__THE PROBLEM__: Where a line holds the word "including", copy that line from the data below.

__INPUT__:
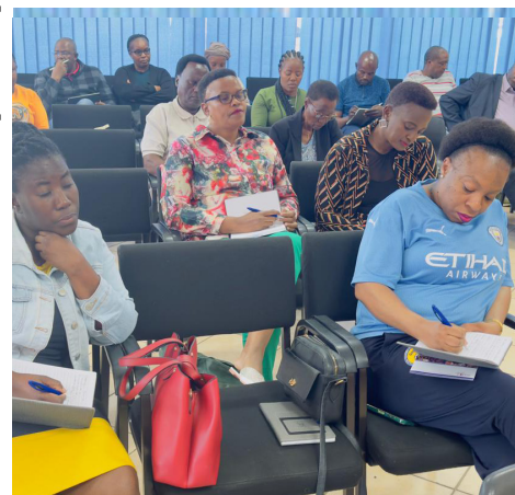
Some parents of Eswatini students at UB taking notes during the meeting.
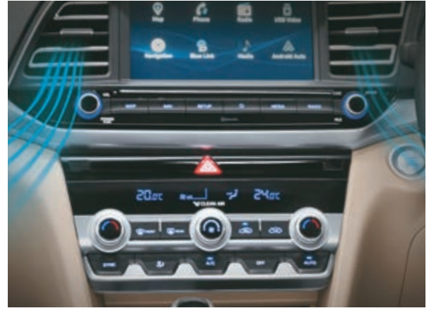
Dual Zone FATC with Cluster Ionizer
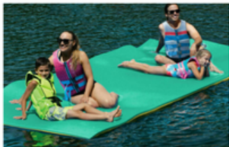
Floating Water Mat

For Lux 1 (3.5m*1.5m) - $40/charter For Lux 2 (5.5m*1.83m) - $60/charter
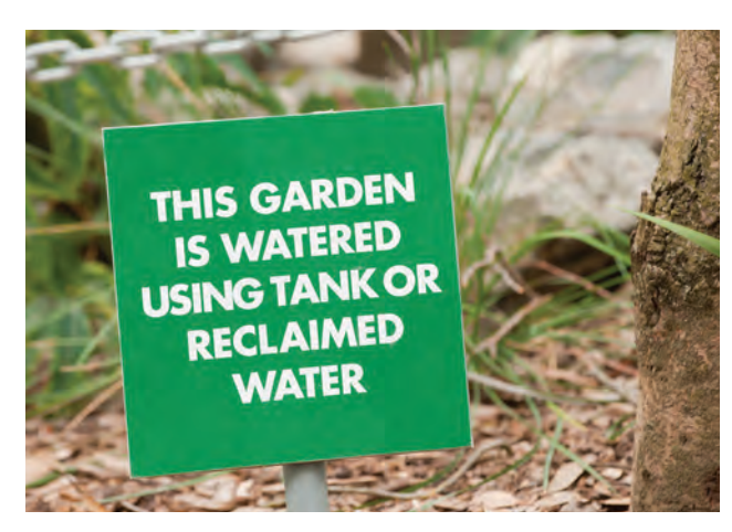
TIP - Provide signage for your garden.
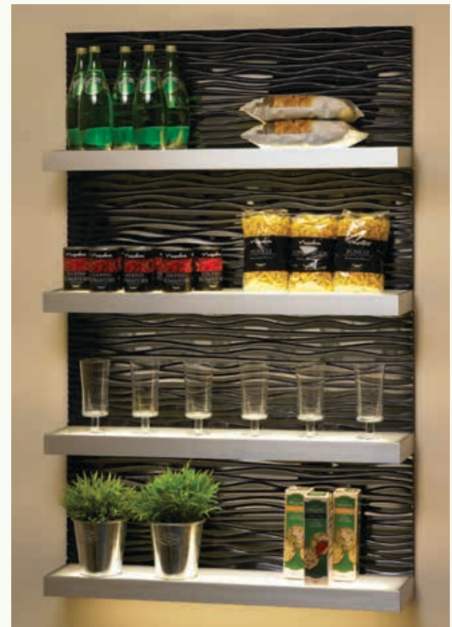
Sahara Carved Panels (used to create shelving feature)
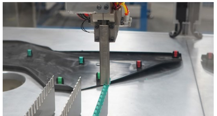
Clip Placement Systems
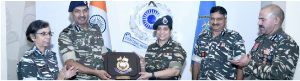
FAREWELL AT CGO

She has undergone various courses on subjects that encompass almost all the aspects of policing -Bank Frauds, Community Policing, Cyber and Internet Crimes, Good Governance and Role of Police, Direct Trainers Skill, Role of Technology in Crime and Crime Prevention, to name a few. During, 2015, she attended the MCTP Phase-IV mandatory training programme including Foreign Component at Cambridge University, UK. She participated in the United Nations Senior Mission Leaders' Course held at Accra,
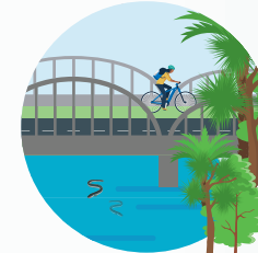
Te awa o Waikato (the Waikato River)
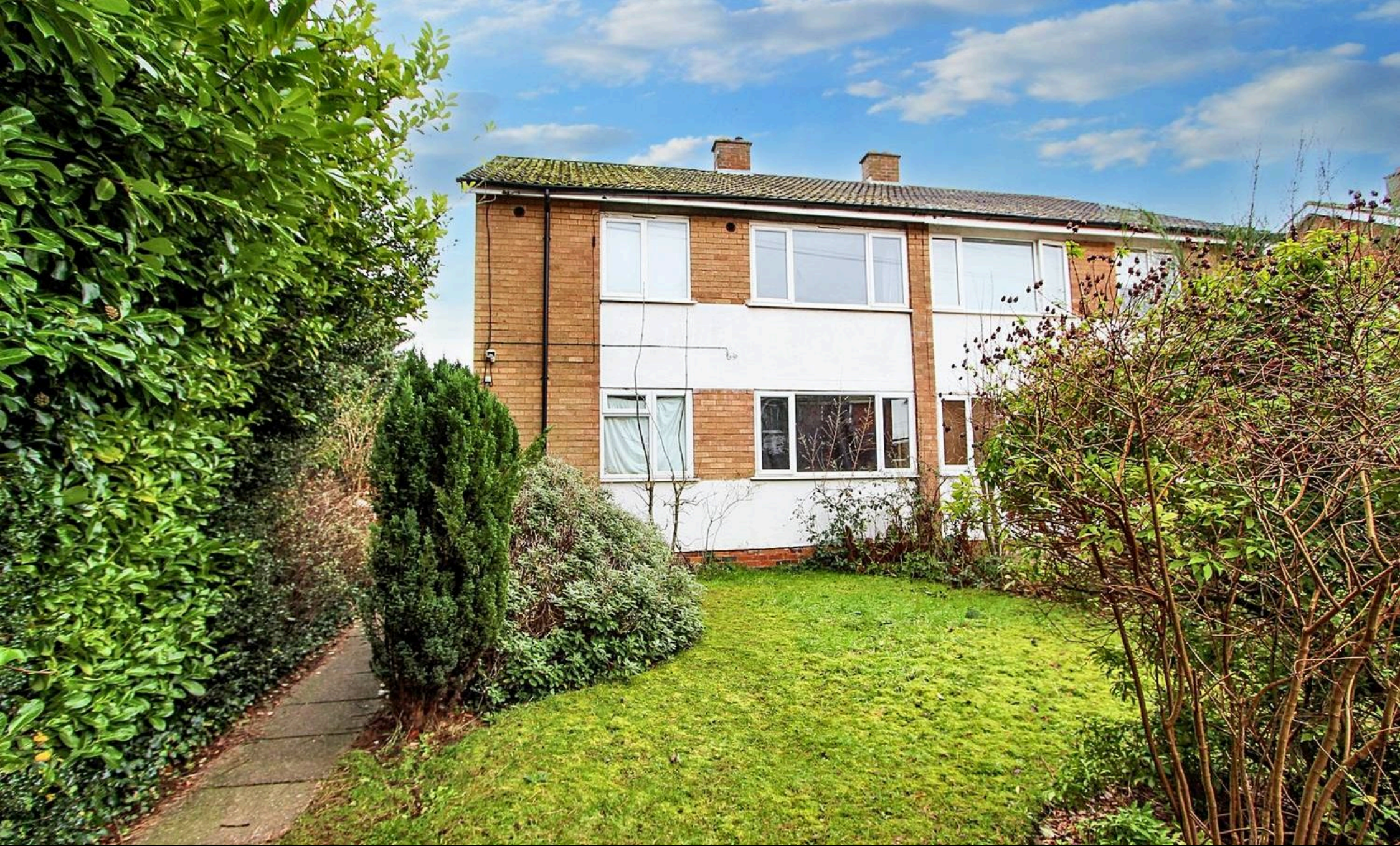
Amberley Way, Sutton Coldfield - B74 3RN £175,000
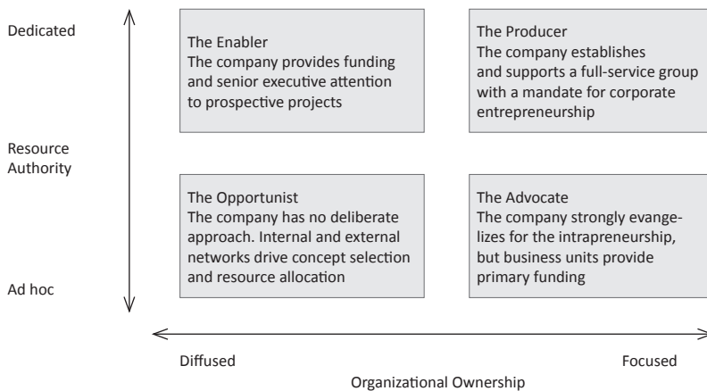
Figure 2. The four models of corporate entrepreneurship

Wolcott and Lippitz (2007) conceptualize four models of CE, including: the opportunist, the enabler, the advocate and the producer model. The framework is composed of two dimensions: organizational ownership (who within the organization has primary ownership for the creation of new business?) and resource authority (is there a dedicated “pot of money” allocated to CE?). In the opportunist model, CE is based on the efforts in spite of the corporation of project champions, while in the three following models, CE is actively managed.
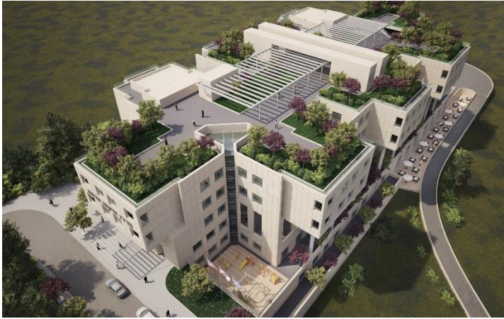
Architect's vision of the new Rehabilitation Center at Mt Scopus
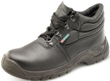
Safety Boot: CHUKKA £18.00
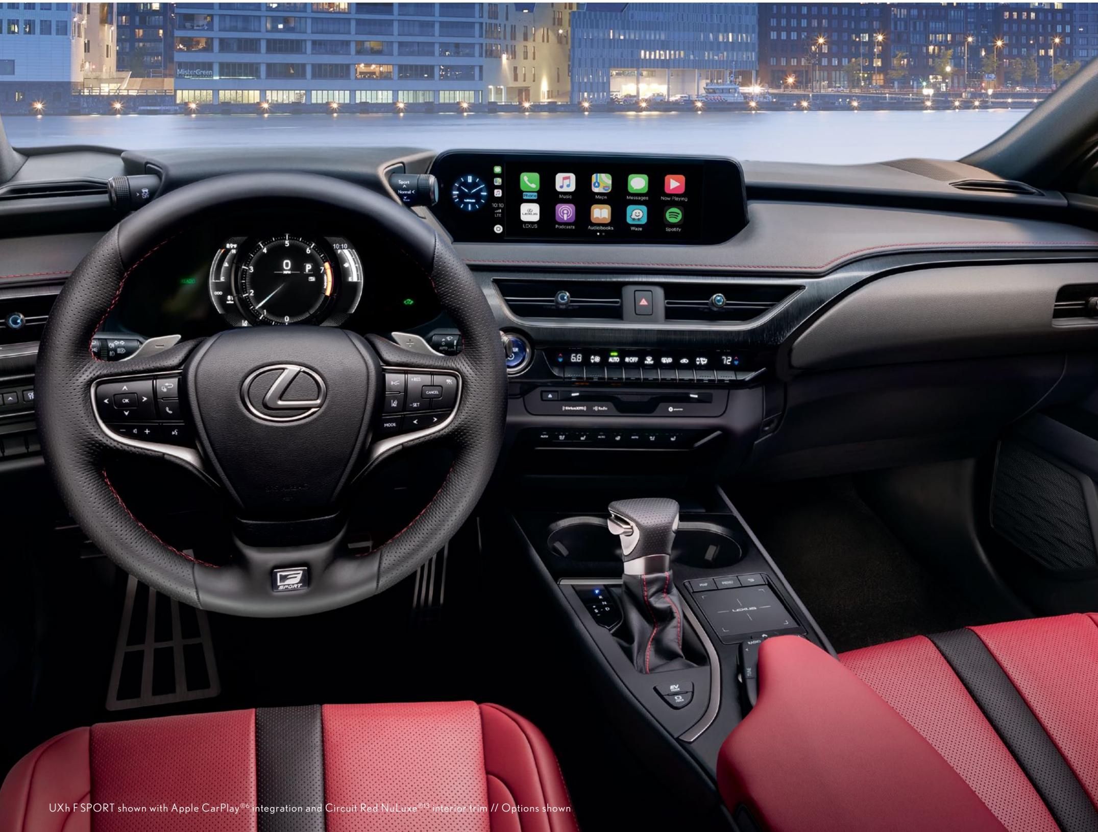
UXh F SPORT shown with Apple CarPlay ®6 integration and Circuit Red NuLuxe ®13 interior trim // Options shown
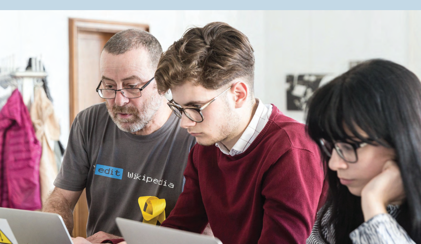
Author: Štěpán Pech, Editor: Shared Cities - Creative Momenta, 11 24.jpg, CC BY-SA 4.0
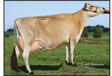
SUNSET CANYON DOMINICANS I MAID-ET Sister to Dam of Lot A

__SOLUTION BELOW__:
She has undergone various courses on subjects that encompass almost all the aspects of policing -Bank Frauds, Community Policing, Cyber and Internet Crimes, Good Governance and Role of Police, Direct Trainers Skill, Role of Technology in Crime and Crime Prevention, to name a few. During, 2015, she attended the MCTP Phase-IV mandatory training programme including Foreign Component at Cambridge University, UK. She participated in the United Nations Senior Mission Leaders' Course held at Accra,
Wolcott and Lippitz (2007) conceptualize four models of CE, including: the opportunist, the enabler, the advocate and the producer model. The framework is composed of two dimensions: organizational ownership (who within the organization has primary ownership for the creation of new business?) and resource authority (is there a dedicated “pot of money” allocated to CE?). In the opportunist model, CE is based on the efforts in spite of the corporation of project champions, while in the three following models, CE is actively managed.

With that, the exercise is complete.